TASK PROMPT: The expected output is the complete listing, copied exactly.

INPUT DATA:

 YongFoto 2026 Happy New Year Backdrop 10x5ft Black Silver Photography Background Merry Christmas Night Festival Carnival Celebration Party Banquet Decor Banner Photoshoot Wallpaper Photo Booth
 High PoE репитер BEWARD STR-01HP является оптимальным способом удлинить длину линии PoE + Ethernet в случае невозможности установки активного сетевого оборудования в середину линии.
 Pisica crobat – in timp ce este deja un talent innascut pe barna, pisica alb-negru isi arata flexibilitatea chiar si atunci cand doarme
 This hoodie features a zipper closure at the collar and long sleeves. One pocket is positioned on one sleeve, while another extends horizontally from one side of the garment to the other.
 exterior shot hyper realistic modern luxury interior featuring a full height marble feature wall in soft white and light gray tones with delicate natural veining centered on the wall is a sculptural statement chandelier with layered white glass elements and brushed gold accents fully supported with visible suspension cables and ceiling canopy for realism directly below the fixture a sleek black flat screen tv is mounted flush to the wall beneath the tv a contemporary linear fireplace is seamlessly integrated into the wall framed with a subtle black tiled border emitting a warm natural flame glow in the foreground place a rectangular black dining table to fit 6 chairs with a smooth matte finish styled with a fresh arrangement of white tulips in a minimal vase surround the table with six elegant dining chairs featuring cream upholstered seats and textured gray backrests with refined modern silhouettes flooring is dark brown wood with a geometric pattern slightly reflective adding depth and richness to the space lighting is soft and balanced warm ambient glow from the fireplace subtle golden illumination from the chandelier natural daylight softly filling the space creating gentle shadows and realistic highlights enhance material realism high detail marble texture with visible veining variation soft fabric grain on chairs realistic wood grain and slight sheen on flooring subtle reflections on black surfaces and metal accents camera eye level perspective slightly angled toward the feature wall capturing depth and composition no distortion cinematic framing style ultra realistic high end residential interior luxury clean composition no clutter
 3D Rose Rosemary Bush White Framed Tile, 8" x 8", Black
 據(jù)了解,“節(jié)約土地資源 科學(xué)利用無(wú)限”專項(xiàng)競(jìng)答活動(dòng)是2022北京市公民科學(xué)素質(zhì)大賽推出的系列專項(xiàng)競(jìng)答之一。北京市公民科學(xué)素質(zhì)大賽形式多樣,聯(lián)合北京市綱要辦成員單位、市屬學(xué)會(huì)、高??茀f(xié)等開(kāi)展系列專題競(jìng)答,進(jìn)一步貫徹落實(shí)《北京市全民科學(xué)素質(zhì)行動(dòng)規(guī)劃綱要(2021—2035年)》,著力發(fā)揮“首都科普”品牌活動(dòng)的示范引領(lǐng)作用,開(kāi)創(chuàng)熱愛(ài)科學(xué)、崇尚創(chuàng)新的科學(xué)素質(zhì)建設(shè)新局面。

REPLY:
 YongFoto 2026 Happy New Year Backdrop 10x5ft Black Silver Photography Background Merry Christmas Night Festival Carnival Celebration Party Banquet Decor Banner Photoshoot Wallpaper Photo Booth
 High PoE репитер BEWARD STR-01HP является оптимальным способом удлинить длину линии PoE + Ethernet в случае невозможности установки активного сетевого оборудования в середину линии.
 Pisica crobat – in timp ce este deja un talent innascut pe barna, pisica alb-negru isi arata flexibilitatea chiar si atunci cand doarme
 This hoodie features a zipper closure at the collar and long sleeves. One pocket is positioned on one sleeve, while another extends horizontally from one side of the garment to the other.
 exterior shot hyper realistic modern luxury interior featuring a full height marble feature wall in soft white and light gray tones with delicate natural veining centered on the wall is a sculptural statement chandelier with layered white glass elements and brushed gold accents fully supported with visible suspension cables and ceiling canopy for realism directly below the fixture a sleek black flat screen tv is mounted flush to the wall beneath the tv a contemporary linear fireplace is seamlessly integrated into the wall framed with a subtle black tiled border emitting a warm natural flame glow in the foreground place a rectangular black dining table to fit 6 chairs with a smooth matte finish styled with a fresh arrangement of white tulips in a minimal vase surround the table with six elegant dining chairs featuring cream upholstered seats and textured gray backrests with refined modern silhouettes flooring is dark brown wood with a geometric pattern slightly reflective adding depth and richness to the space lighting is soft and balanced warm ambient glow from the fireplace subtle golden illumination from the chandelier natural daylight softly filling the space creating gentle shadows and realistic highlights enhance material realism high detail marble texture with visible veining variation soft fabric grain on chairs realistic wood grain and slight sheen on flooring subtle reflections on black surfaces and metal accents camera eye level perspective slightly angled toward the feature wall capturing depth and composition no distortion cinematic framing style ultra realistic high end residential interior luxury clean composition no clutter
 3D Rose Rosemary Bush White Framed Tile, 8" x 8", Black
 據(jù)了解,“節(jié)約土地資源 科學(xué)利用無(wú)限”專項(xiàng)競(jìng)答活動(dòng)是2022北京市公民科學(xué)素質(zhì)大賽推出的系列專項(xiàng)競(jìng)答之一。北京市公民科學(xué)素質(zhì)大賽形式多樣,聯(lián)合北京市綱要辦成員單位、市屬學(xué)會(huì)、高??茀f(xié)等開(kāi)展系列專題競(jìng)答,進(jìn)一步貫徹落實(shí)《北京市全民科學(xué)素質(zhì)行動(dòng)規(guī)劃綱要(2021—2035年)》,著力發(fā)揮“首都科普”品牌活動(dòng)的示范引領(lǐng)作用,開(kāi)創(chuàng)熱愛(ài)科學(xué)、崇尚創(chuàng)新的科學(xué)素質(zhì)建設(shè)新局面。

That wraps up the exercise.